Em primeiro lugar, ele acreditava, de modo similar a Eric Voegelin (1901-1984), que a principal linha divisória da política moderna não separava totalitários de liberais. A divisão se dava, na verdade, entre aqueles que, de um lado, acreditavam em uma ordem moral transcendente e aqueles que, do outro, nutriam crenças materialistas e que, portanto, se opunham ao primeiro grupo. Ou seja, a principal oposição para Kirk se dava entre transcendência e imanência. De acordo com esta régua, libertários seriam nada menos que meros utilitaristas – ou nos termos de Kirk: “fiéis convertidos ao materialismo dialético de Karl Marx” (p.236).
Em segundo lugar, de acordo com o argumento kirkiano, a liberdade deveria ter sempre um valor relativo, e nunca absoluto. Os libertários interpretavam da forma inversa, é claro. Para Russell Kirk, a liberdade, mais uma vez, não poderia nunca ser lida na chave libertária – isto é, como um valor “abstrato”. Sua validade deveria estar sempre subordinada à da “ordem” (social/constitucional). Esta sim “a primeira necessidade” (idem).

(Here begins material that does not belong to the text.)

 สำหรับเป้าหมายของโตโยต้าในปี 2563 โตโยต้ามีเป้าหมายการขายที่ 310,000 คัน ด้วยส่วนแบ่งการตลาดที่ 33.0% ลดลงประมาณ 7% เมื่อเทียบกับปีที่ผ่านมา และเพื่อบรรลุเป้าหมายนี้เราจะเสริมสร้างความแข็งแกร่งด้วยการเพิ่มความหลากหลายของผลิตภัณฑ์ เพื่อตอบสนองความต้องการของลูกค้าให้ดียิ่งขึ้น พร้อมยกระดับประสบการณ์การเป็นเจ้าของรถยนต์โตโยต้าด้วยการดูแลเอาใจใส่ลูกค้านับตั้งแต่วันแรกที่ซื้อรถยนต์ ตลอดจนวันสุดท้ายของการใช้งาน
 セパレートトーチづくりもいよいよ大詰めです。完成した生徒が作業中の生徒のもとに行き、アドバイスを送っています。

Em terceiro lugar, outro ponto de divergência entre conservadores e libertários diz respeito àquilo que mantém a sociedade civil coesa. Enquanto os primeiros lançam mão da velha leitura burkeana de que a sociedade é um arranjo entre “os mortos, os vivos e aqueles que estão por vir”, libertários advogam que o autointeresse e a ausência de coerção externa são elementos suficientes para que os indivíduos sejam capazes de conviver harmonicamente em sociedade.
Em quarto lugar, Kirk compara libertários a anarquistas e marxistas – todas as três tradições sustentam a crença de que há uma natureza humana “boa e benevolente, embora danificada por certas instituições sociais” (p.237). Os conservadores, ao contrário, afirmam que há uma natureza humana pecaminosa e degenerada, fruto da doutrina teológica do pecado original. O que Kirk afirma, portanto, é que o “individualismo” libertário é uma utopia, “um caminho ilusório” (idem).

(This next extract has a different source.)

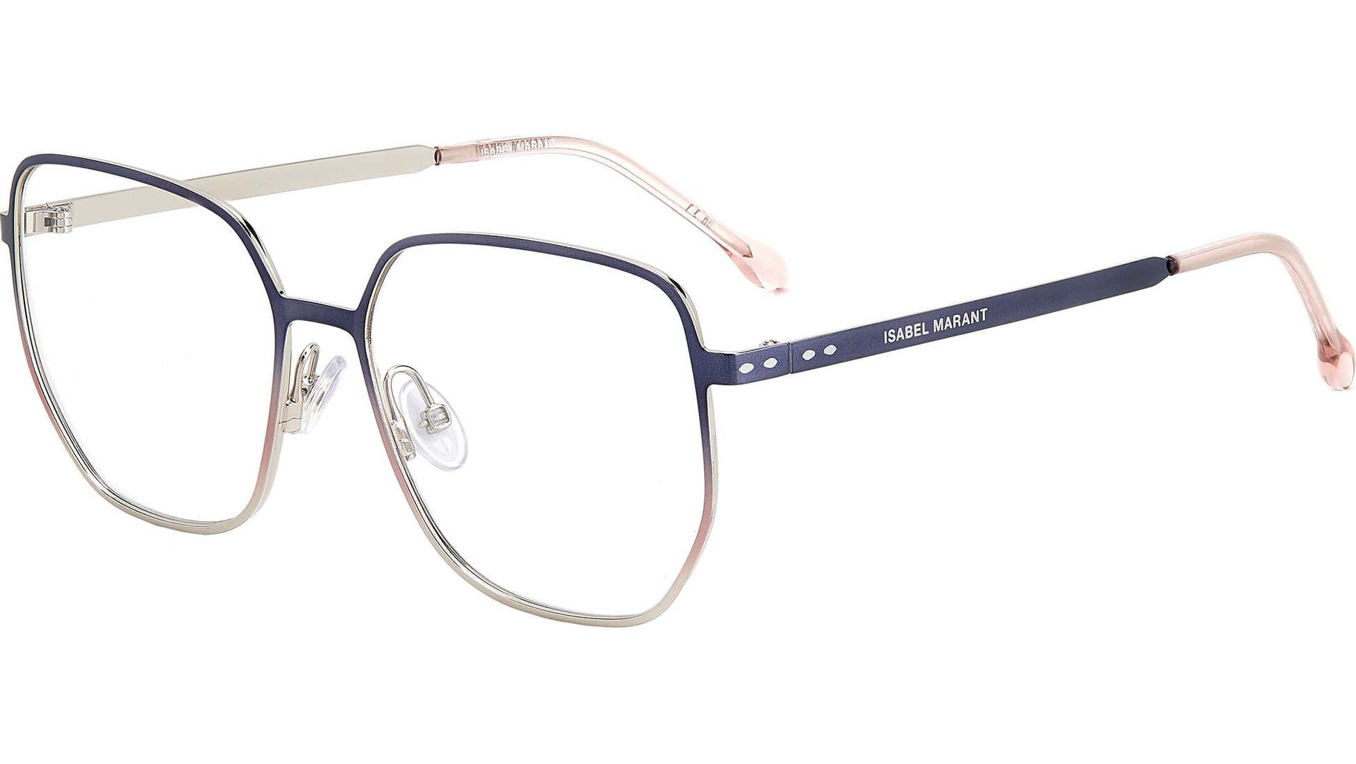 Inspired by the effortless mood of Isabel Marant's clothing and accessories, the Wild Metal eyewear collection is designed for everyday. The distinctive attitude of the frames is defined by a minimalistic, full-metal construction, enriched with shaded touches of colour. These optical glasses are crafted from super light stainless steel, and feature a geometric, squared silhouette. Adjustable nose pads and acetate tips ensure a comfortable fit, while subtle leaf motifs add an iconic finishing touch to the temples and rivets.

Em quinto lugar, Kirk argumentava que ao Estado caberia sempre o papel importante de servir às necessidades humanas. Não haveria civilização, tal qual a conhecemos, se não fosse por sua constante presença e ação. No entanto, para os libertários o Estado seria sempre a fonte irredutível de opressão, ineficiência e corrupção. Duas visões irreconciliáveis e antagônicas, portanto.
Em sexto e último lugar, Russell Kirk ataca o “desrespeito” libertário aos “costumes e às crenças antigas”. Recorrendo a uma retórica propositadamente vaga, estabelece o que deve constituir o contra-argumento conservador: uma atitude pautada por um sentido de “mistério” e “maravilhamento” (p.238).
Em resumo, Kirk argumenta que a tradição libertária, “se entendida adequadamente, está tão distante dos verdadeiros conservadores norte-americanos quanto o comunismo” (p.239). Mais uma vez, a oposição feita por Kirk, no fim das contas, era entre transcendência (conservadorismo) e imanência (libertarianismo). Seu conservadorismo se estruturava a partir de uma crítica às “ideologias”, de uma forma geral. Se entendemos que a definição que ele adotava de “ideologia” era a de Eric Voegelin (1901-1985) e Gerhart Niemeyer (1907-1997), compreendemos que o modus operandi de um socialista, de um comunista ou de um libertário pouco diferia. Aos olhos de Kirk, todos eles “imanentizam os símbolos de transcendência” (p.95).
A edição de A política da prudência da É Realizações é excelente. A tradução de Márcia Xavier de Brito é impecável e foi capaz de manter com aguda fidelidade o estilo literário de Russell Kirk, com todos os seus arcaísmos e particularidades. As notas explicativas, feitas por Alex Catharino e Márcia Xavier de Brito, também são muito informativas. A edição igualmente contou com a participação de Rodrigo Farias de Sousa na preparação do texto, um dos principais acadêmicos brasileiros a estudar a direita norte-americana.
Com todas as reservas que tenho aos argumentos kirkianos, sobretudo o recorrente recurso ao poético e ao intuitivo como espécie de Deus ex machina retórico, é inegável que A política da prudência é uma obra admirável sob muitos aspectos – não só para aqueles que querem compreender a dinâmica do conservadorismo norte-americano, mas igualmente para aqueles que querem conhecer alternativas para o próprio conservadorismo brasileiro.